Google showed me as a “self-employed composer.”
That is technically functional but fundamentally wrong. So, I traced it back to the source: LinkedIn. That platform where everyone begins posts with rocket emojis and their career trajectories pretend to make sense.
LinkedIn wanted me to pick: full-time, part-time, employed, or self-employed?
The platform already had my education and my past industry positions that look unconnected and strange to anyone seeking a narrative arc—it would look like someone threw darts at a career board blindfolded
I went to LinkedIn to remove “self-employment”
“Tell me your employment status,” LinkedIn insisted.
But I am not employed. I am not self-employed. I am not a composer who builds. I am not a builder who composes. I am someone who sees foam pyramids everywhere and occasionally makes things that don’t lie.

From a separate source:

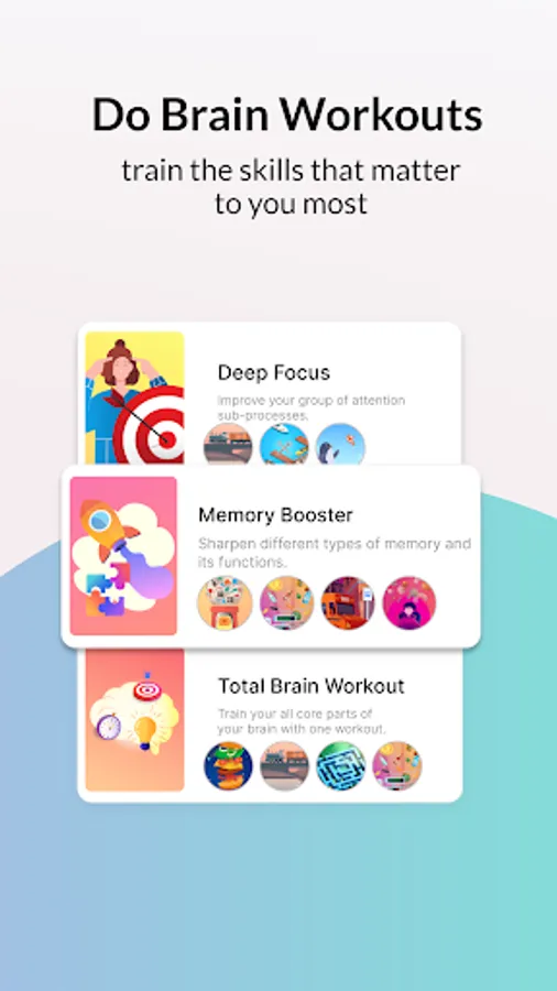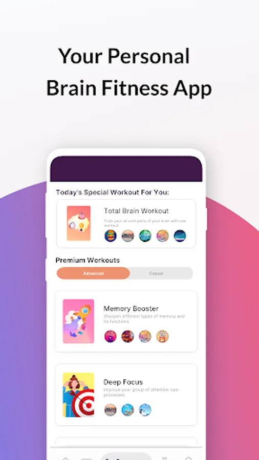 • Advanced workout mode to train the cognitive skills that matter to you most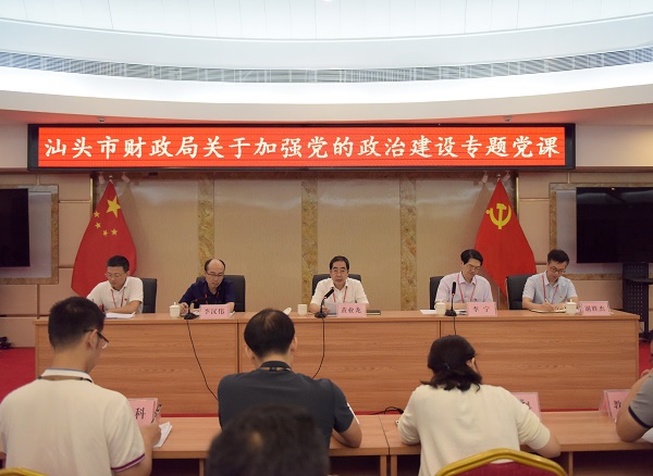 为深入贯彻习近平新时代中国特色社会主义思想和党的十九大精神,认真落实习近平总书记关于加强党的政治建设的重要讲话和重要指示精神,坚持不懈加强党的政治建设,教育引导全局党员深化对党的政治建设的认识,6月19日,市财政局党组书记、局长黄业龙同志以“提高政治站位 强化政治担当 努力打造党的政治建设成效明显的模范机关”为题,从政治建设的重要性以及强化政治担当推进党的政治建设两方面为全局干部职工上了一堂精彩的专题党课。

The platform wanted me to network. To connect. To build my professional brand.
But I was already connected—to the earth I compress, to the harmonic series I follow, to readers who don’t need algorithms to find me. My “network” includes structural engineers who trust my density calculations and musicians who understand why I ruthlessly kill darlings in my Chaconne’s second act.
So, I deleted it.
Not dramatically. Not as protest. Simply as precision. Then I recreated an empty profile as a placeholder to show that parking slot is reserved for someone who just sold their car.
Google will update eventually.
LinkedIn asked what I do.
I deleted the question.
That’s the most honest answer I could give.
P.S. - If you found this without LinkedIn suggesting we connect, you’re already outside their pyramid. The air’s clearer here, even if we’re all still pretending it means something.